*Brief*
Your task is to repeat all of the data exactly while excluding the pictures.

*Input data*
|---|

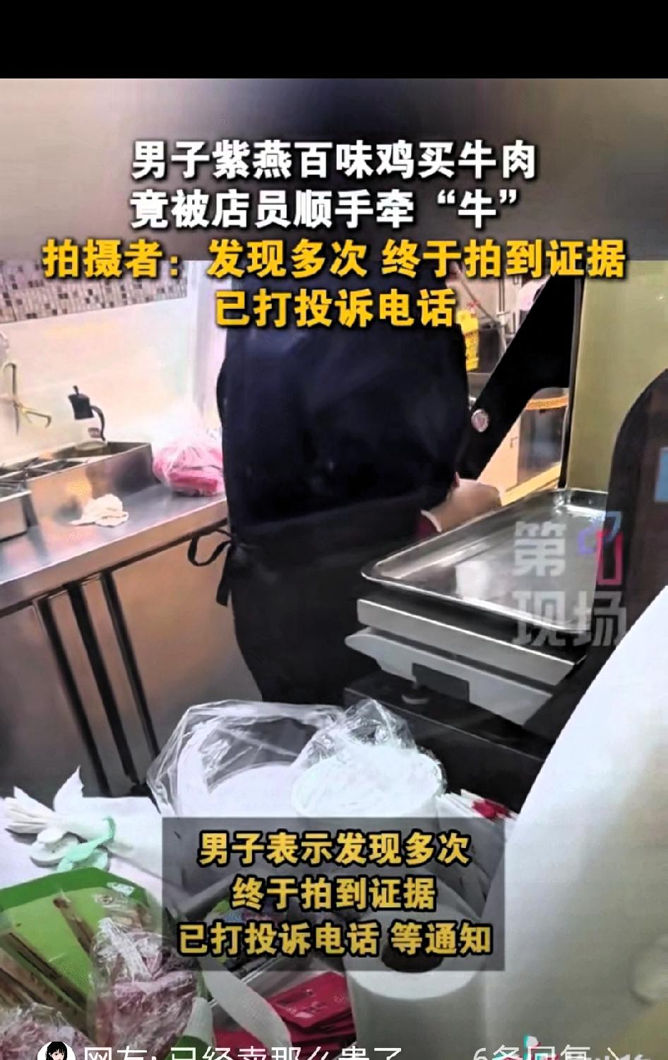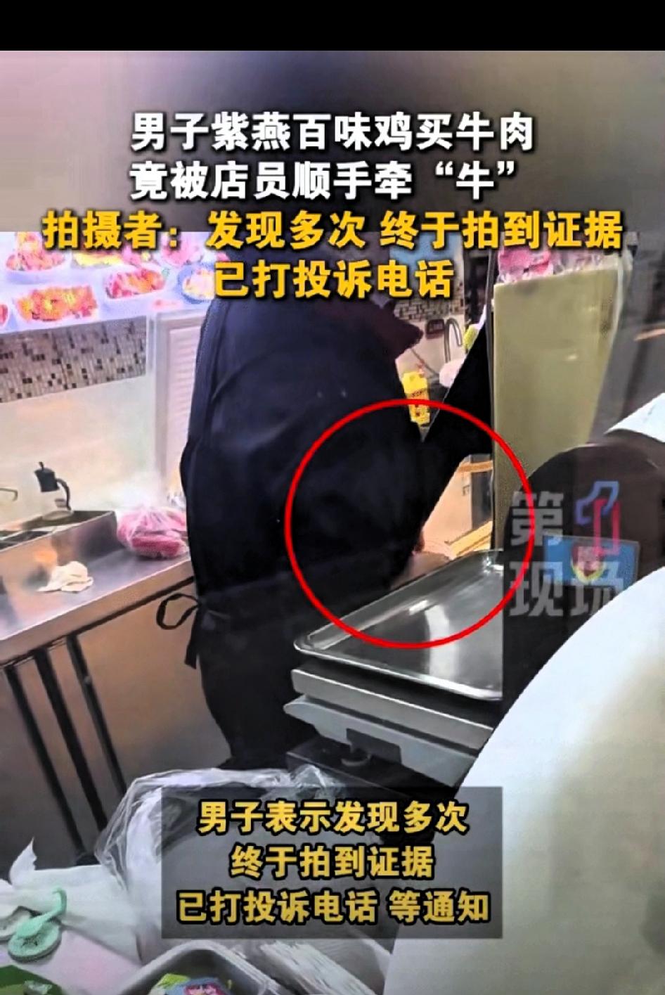 这绝对是惯犯!江苏,一男子在紫燕百味买牛肉,每次买回家,都发现牛肉好像比称的时候少了很多,百思不得其解 他留了个心眼,连续观察好几次,终于拍下了关键证据:原来店员每次称完牛肉后,都会趁他转身或者不注意的空档,偷偷从盒子里抽出几片牛肉! 这波操作实在不地道,合着消费者花的是足斤足两的钱,买的却是被“暗箱操作”过的商品。 这事一曝光,评论区直接炸开了锅,不少网友吐槽买紫燕的夫妻肺片也踩过坑,称重时看着满满一碗,回家打开全是红油和拌料,肉少得可怜;还有人说遇到过类似的缺斤少两,气得再也没踏进过这家门店。 别以为这只是个别店员的手脚不干净,说到底,这其实是商家对诚信经营的漠视。这种隐形的克扣行为,比明着涨价更让人膈应。 更关键的是,这种小动作之所以屡禁不止,就是因为商家赌定了很多消费者嫌麻烦,不会较真,就算发现了也懒得维权。 但咱们消费者不是冤大头,遇到这种情况千万别忍气吞声,要么当场盯着称重全程,要么保留好小票和视频证据,直接打12315投诉维权。 只有人人都拿出较真的态度,才能让这些耍小聪明的商家无处遁形,让咱们的消费环境更踏实。
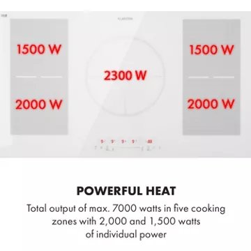 7400 watts max. sur cinq zones de cuisson 2300, 2000 ou 1500 watts de puissance
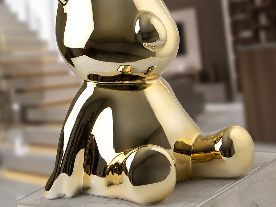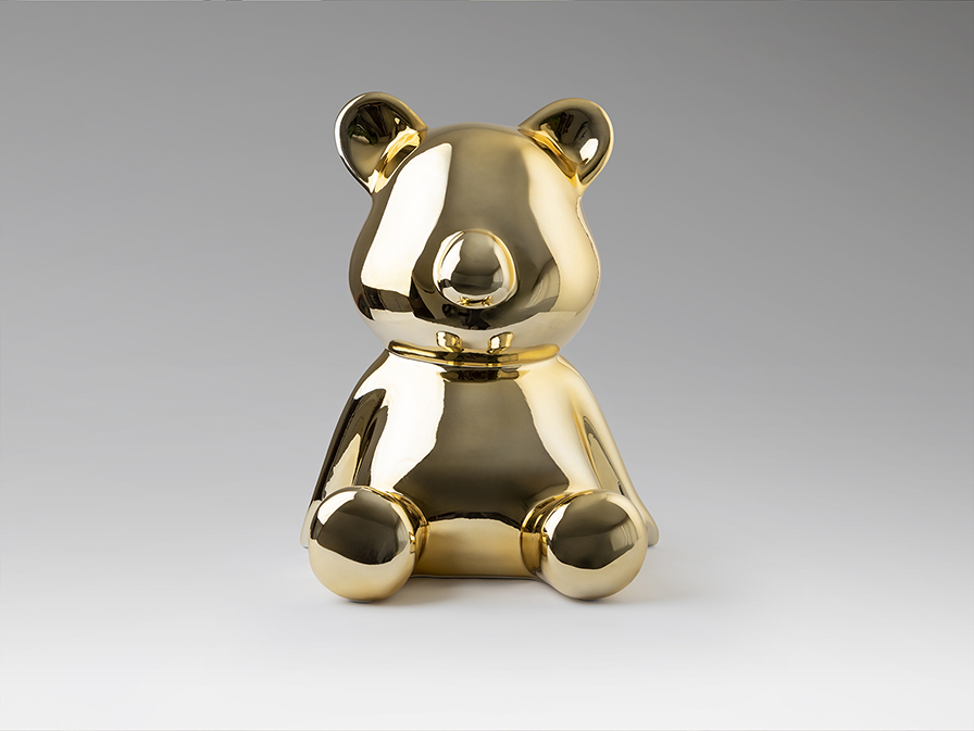 Figura de oso con formas redondeadas, tamaño mediano. Realizada en resina, acabado metalizado dorado.

|---|

*Written solution*
 这绝对是惯犯!江苏,一男子在紫燕百味买牛肉,每次买回家,都发现牛肉好像比称的时候少了很多,百思不得其解 他留了个心眼,连续观察好几次,终于拍下了关键证据:原来店员每次称完牛肉后,都会趁他转身或者不注意的空档,偷偷从盒子里抽出几片牛肉! 这波操作实在不地道,合着消费者花的是足斤足两的钱,买的却是被“暗箱操作”过的商品。 这事一曝光,评论区直接炸开了锅,不少网友吐槽买紫燕的夫妻肺片也踩过坑,称重时看着满满一碗,回家打开全是红油和拌料,肉少得可怜;还有人说遇到过类似的缺斤少两,气得再也没踏进过这家门店。 别以为这只是个别店员的手脚不干净,说到底,这其实是商家对诚信经营的漠视。这种隐形的克扣行为,比明着涨价更让人膈应。 更关键的是,这种小动作之所以屡禁不止,就是因为商家赌定了很多消费者嫌麻烦,不会较真,就算发现了也懒得维权。 但咱们消费者不是冤大头,遇到这种情况千万别忍气吞声,要么当场盯着称重全程,要么保留好小票和视频证据,直接打12315投诉维权。 只有人人都拿出较真的态度,才能让这些耍小聪明的商家无处遁形,让咱们的消费环境更踏实。
 7400 watts max. sur cinq zones de cuisson 2300, 2000 ou 1500 watts de puissance
 Figura de oso con formas redondeadas, tamaño mediano. Realizada en resina, acabado metalizado dorado.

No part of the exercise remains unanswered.